(Dataset items)
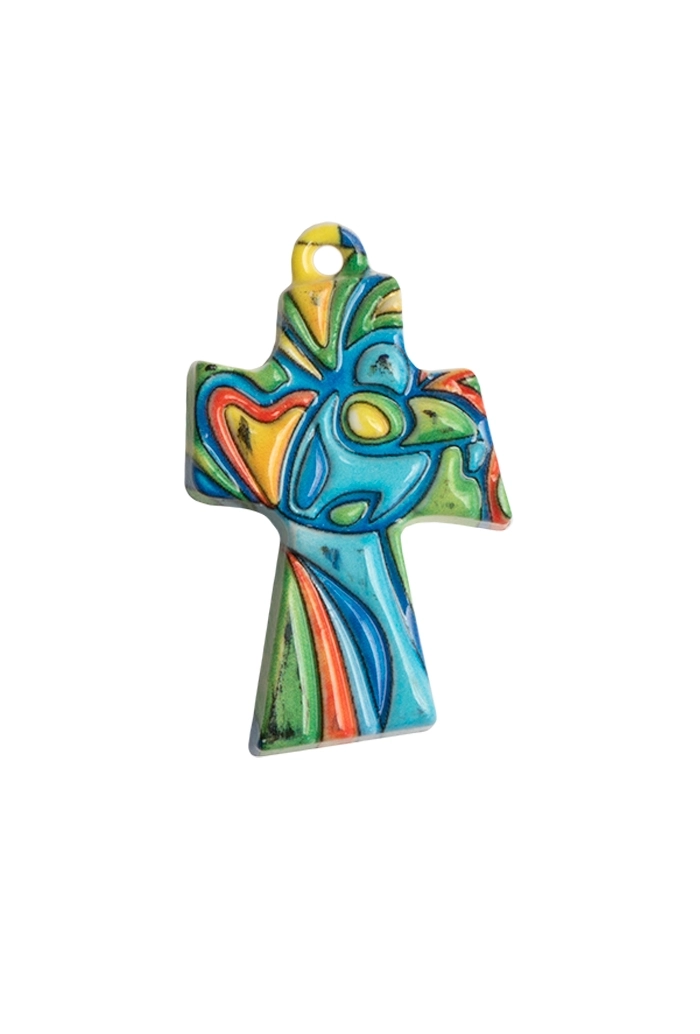 Carinissimo ciondolo crocetta in polimero, effetto ceramica, con raffigurazione stilizzata di Cristo che abbraccia il fedele, come segno di Perdono e Riconciliazione. Grazie ad un cordoncino lilla, dalla lunghezza di 35 cm, è possibile indossarla al collo. E' confezionata in una bustina con bigliettino come ricordo della Confessione con una piccola preghierina. Potrebbe essere una carinissima idea regalo per lasciare un ricordo di grande valore ai bambini che si apprestano a ricevere questo importantissimo Sacramento.
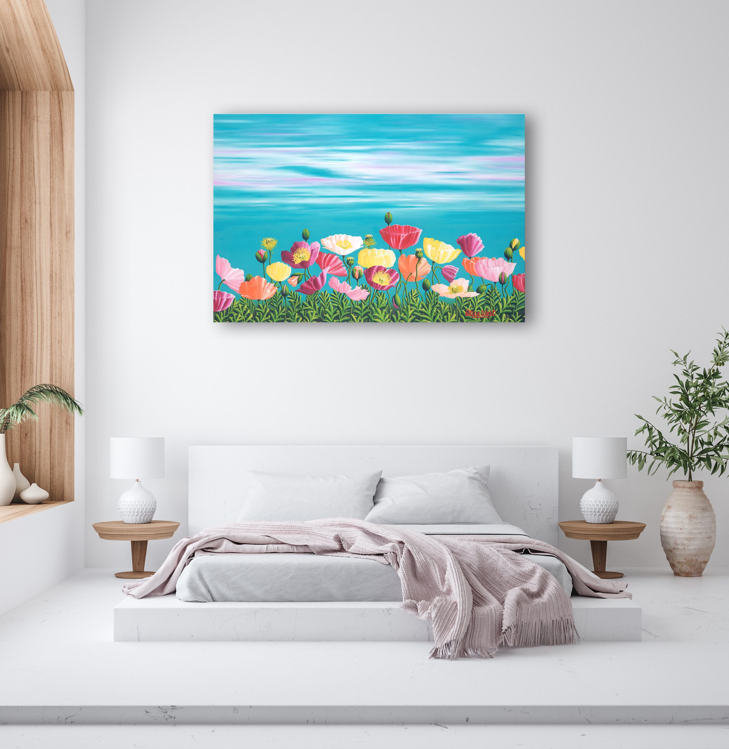 Through The Rainbow was created from my love of flowers and colour. There is something very special about poppies with their delicate wrinkled and slightly transparent petals and the beautiful array of colours. Each flower with its rustic shape and wobbly stem is unique and glorious. A unique painting that captures the essence of nature.
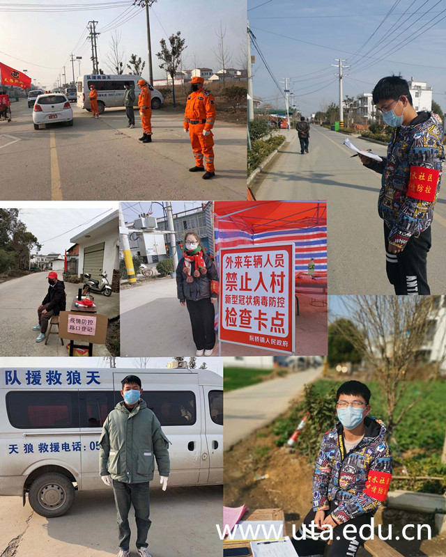 各二级学院的志愿者在各地政府、有关部门的统一指挥下,参与疫情联防联控工作,他们有的奔赴基层,在所在地区宣传防疫知识、协助信息登记工作;有的坚守在疫情防控点,耐心执勤测量行体温、监控进出车辆;有的为防疫前线的工作人员保障后勤工作。100多位志愿者放弃了与家人在家休息的机会,毅然选择了外出抗疫,用青春热血守护父老乡亲的健康,展现出了安职学子勇挑重担、迎难而上的担当精神。
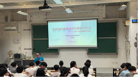 10月22日上午,计算机学院院长袁华强在6E-104教室为2024级计算机类7班、2024级网络空间安全1班和2024级网络空间安全2班的120名学生带来了新学期的“思政第一课”。本次课程紧密围绕党的二十届三中全会精神,以“全面深化改革与华为做对了什么”为主题,为新生们带来了一场深刻而生动的思想教育。
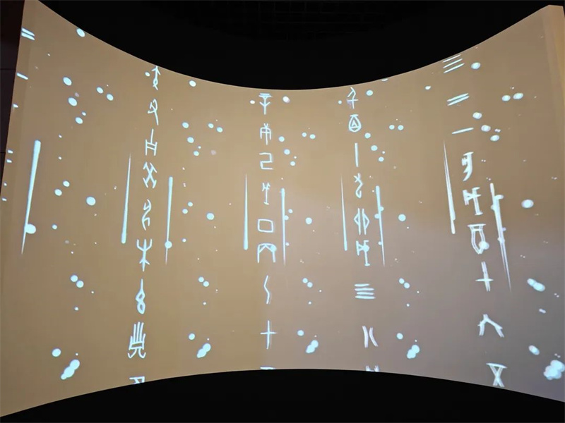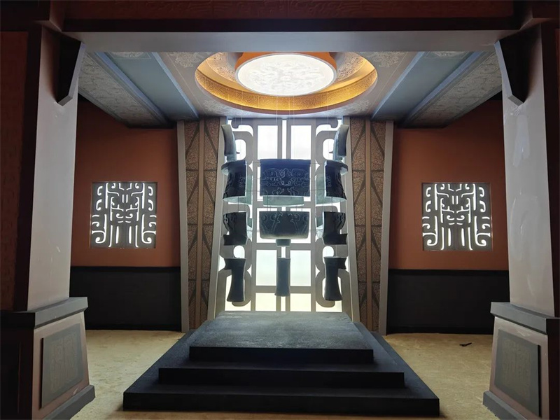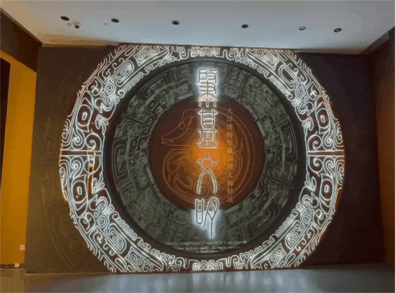 展览的设计风格古朴而大气,以“时间·时空·永恒·碎片”为主题,在充分体现馆藏特色和商周文明核心特质的同时,利用实物、文字、图像、视频、游戏等多种展示方式,提高展览的互动性和趣味性。以场景搭建的方式,巧妙地融入了解构主义与时间碎片的概念,选择蕉叶纹鼎解构对象,让观众在参观过程众感受到时间与空间的转换,永恒与时间的流逝,历史的变迁与演变。以甲骨文和现代文字为主题,设计了反转牌墙,让观众在观赏过程中感受到古今文字的碰撞和交融,了解汉字的演变过程,提高文化素养,增强民族自豪感。
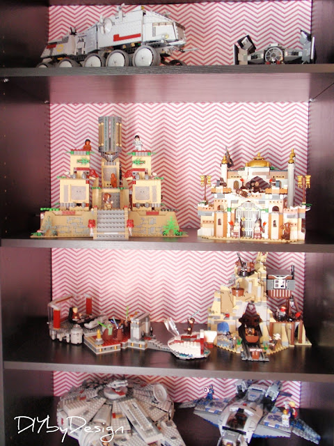 One of the biggest things accomplished by this makeover, is the creation of display space for my son's many, many completed Lego sets. If you have a child who builds Legos and then likes to display them, you know it can quickly take over so much space in your home. So many of these sets were relegated to the closet and didn't really get to be displayed at all.
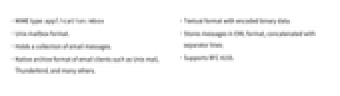 - Native archive format of email clients such as Unix mail, Thunderbird, and many others.
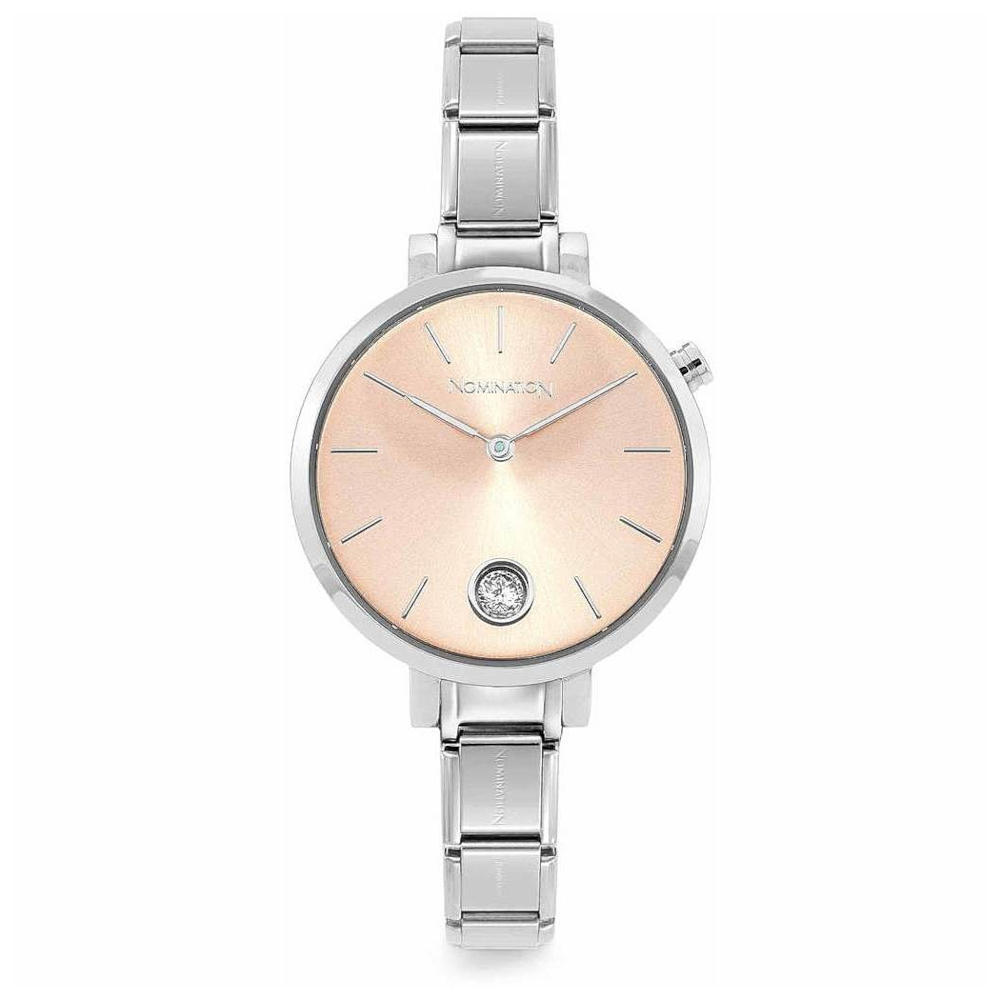 Ένα ρολόι της εταιρείας Nomination, από ανοξείδωτο ατσάλι, με ροζ καντράν και ζιργκόν.
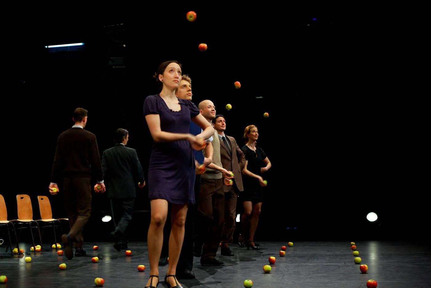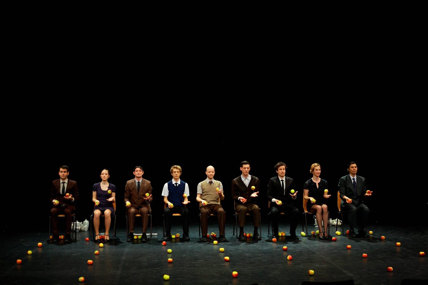 Image description: Seven people are sitting on a row of chairs. They are wearing smart clothes that are black, grey, brown and navy. They are all throwing an apple in the air and the floor is littered with apples which you imagine have been dropped in previous attempts to juggle.
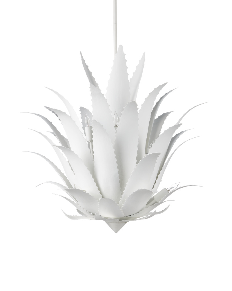 The Agave White Chandelier was inspired by the flourishing plant of the same name, whose spiky, leathery fronds curl up from the ground. This sense of movement has been captured in the flowing spikes on this white chandelier. “My love of the Agave plant, of which hundreds of varieties flourish in the peninsula, has inspired me for many years,” says the fixture’s designer Marjorie Skouras. Her passion for the Yucatan shines through in this wrought iron creation covered in a crisp gesso white finish. Adjustable from 31" to 73" with use of included chain/rod kit/cable. If your space calls for a longer drop, additional chain/rods/cable is available for purchase.
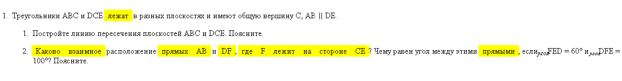 Треугольники ABC и DCE лежат в разных плоскостях и имеют общую вершину С, AB||DE. Каково взаимное положение прямых AB и DF, где F лежит на стороне CE? Чему равен угол между этими прямыми, если уголFED=60 градусов и уголDFE=100 градусов? Поясните.

• Activity:
All of the data above should be transcribed verbatim, with pictures omitted.

• Expected answer:
 Carinissimo ciondolo crocetta in polimero, effetto ceramica, con raffigurazione stilizzata di Cristo che abbraccia il fedele, come segno di Perdono e Riconciliazione. Grazie ad un cordoncino lilla, dalla lunghezza di 35 cm, è possibile indossarla al collo. E' confezionata in una bustina con bigliettino come ricordo della Confessione con una piccola preghierina. Potrebbe essere una carinissima idea regalo per lasciare un ricordo di grande valore ai bambini che si apprestano a ricevere questo importantissimo Sacramento.
 Through The Rainbow was created from my love of flowers and colour. There is something very special about poppies with their delicate wrinkled and slightly transparent petals and the beautiful array of colours. Each flower with its rustic shape and wobbly stem is unique and glorious. A unique painting that captures the essence of nature.
 各二级学院的志愿者在各地政府、有关部门的统一指挥下,参与疫情联防联控工作,他们有的奔赴基层,在所在地区宣传防疫知识、协助信息登记工作;有的坚守在疫情防控点,耐心执勤测量行体温、监控进出车辆;有的为防疫前线的工作人员保障后勤工作。100多位志愿者放弃了与家人在家休息的机会,毅然选择了外出抗疫,用青春热血守护父老乡亲的健康,展现出了安职学子勇挑重担、迎难而上的担当精神。
 10月22日上午,计算机学院院长袁华强在6E-104教室为2024级计算机类7班、2024级网络空间安全1班和2024级网络空间安全2班的120名学生带来了新学期的“思政第一课”。本次课程紧密围绕党的二十届三中全会精神,以“全面深化改革与华为做对了什么”为主题,为新生们带来了一场深刻而生动的思想教育。
 展览的设计风格古朴而大气,以“时间·时空·永恒·碎片”为主题,在充分体现馆藏特色和商周文明核心特质的同时,利用实物、文字、图像、视频、游戏等多种展示方式,提高展览的互动性和趣味性。以场景搭建的方式,巧妙地融入了解构主义与时间碎片的概念,选择蕉叶纹鼎解构对象,让观众在参观过程众感受到时间与空间的转换,永恒与时间的流逝,历史的变迁与演变。以甲骨文和现代文字为主题,设计了反转牌墙,让观众在观赏过程中感受到古今文字的碰撞和交融,了解汉字的演变过程,提高文化素养,增强民族自豪感。
 One of the biggest things accomplished by this makeover, is the creation of display space for my son's many, many completed Lego sets. If you have a child who builds Legos and then likes to display them, you know it can quickly take over so much space in your home. So many of these sets were relegated to the closet and didn't really get to be displayed at all.
 - Native archive format of email clients such as Unix mail, Thunderbird, and many others.
 Ένα ρολόι της εταιρείας Nomination, από ανοξείδωτο ατσάλι, με ροζ καντράν και ζιργκόν.
 Image description: Seven people are sitting on a row of chairs. They are wearing smart clothes that are black, grey, brown and navy. They are all throwing an apple in the air and the floor is littered with apples which you imagine have been dropped in previous attempts to juggle.
 The Agave White Chandelier was inspired by the flourishing plant of the same name, whose spiky, leathery fronds curl up from the ground. This sense of movement has been captured in the flowing spikes on this white chandelier. “My love of the Agave plant, of which hundreds of varieties flourish in the peninsula, has inspired me for many years,” says the fixture’s designer Marjorie Skouras. Her passion for the Yucatan shines through in this wrought iron creation covered in a crisp gesso white finish. Adjustable from 31" to 73" with use of included chain/rod kit/cable. If your space calls for a longer drop, additional chain/rods/cable is available for purchase.
 Треугольники ABC и DCE лежат в разных плоскостях и имеют общую вершину С, AB||DE. Каково взаимное положение прямых AB и DF, где F лежит на стороне CE? Чему равен угол между этими прямыми, если уголFED=60 градусов и уголDFE=100 градусов? Поясните.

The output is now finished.